Filip Bojić

Personal information
- Date of birth: 5 October 1992 (age 33)
- Place of birth: Zagreb, Croatia
- Height: 1.90 m (6 ft 3 in)
- Position: Midfielder

Team information
- Current team: Rodange
- Number: 10

Senior career*
- Years: Team / Apps / (Gls)
- 0000–2013: NK Trnje
- 2014: SV Neuberg / 14 / (1)
- 2014–2016: NK Rudeš / 57 / (8)
- 2016: RNK Split / 7 / (0)
- 2017–2019: Union Titus Pétange / 45 / (15)
- 2019: Virton
- 2020–2025: F91 Dudelange / 117 / (19)
- 2025–: Rodange / 27 / (4)

= Filip Bojić =

Croatian footballer (born 1992)

Filip Bojić (born 5 October 1992) is a Croatian professional footballer who plays as a midfielder for Rodange.

==Early life==

Bojić has been a supporter of Croatian side Dinamo (Zagreb).

==Career==

In 2014, Bojić signed for Croatian side NK Rudeš, where he was regarded as one of the club's most important players, before signing for Croatian side RNK Split, where he was regarded to have had a poor performance for the club and experienced delayed payments. In 2017, he signed for Luxembourgish side Union Titus Pétange, where he was regarded as one of the club's most important players.

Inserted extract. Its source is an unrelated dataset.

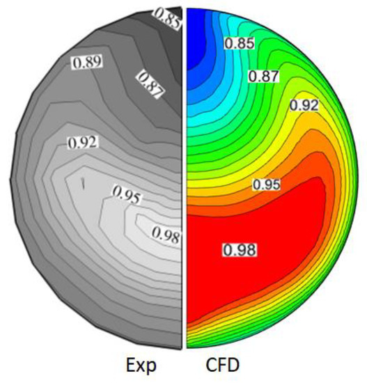 The experimental results show that of the missile body and the submerged inlet is 0.9220 when = 0.73 and = 0.4. In the calculation results, at the outlet of the inlet is 0.9244, and the error between the numerical simulation results and the experimental results is only 0.26%. Figure 10 shows the total pressure distribution at the outlet of the inlet, which is also in good agreement with the experimental results. Therefore, the accuracy of the numerical simulation method in this paper is verified.

He was also regarded as one of the highest performing players in the league.
In 2019, he signed for Belgian side R.E. Virton. He then spent months as a free agent due to the coronavirus pandemic. In 2020, he signed for Luxembourgish side F91 Dudelange, where he was regarded as one of the club's most important players. He helped them win the league.

==Style of play==

Bojić mainly operates as a midfielder and is known for his ability to retain possession of the ball.

==Personal life==

Bojić is a native of Zagreb, Croatia.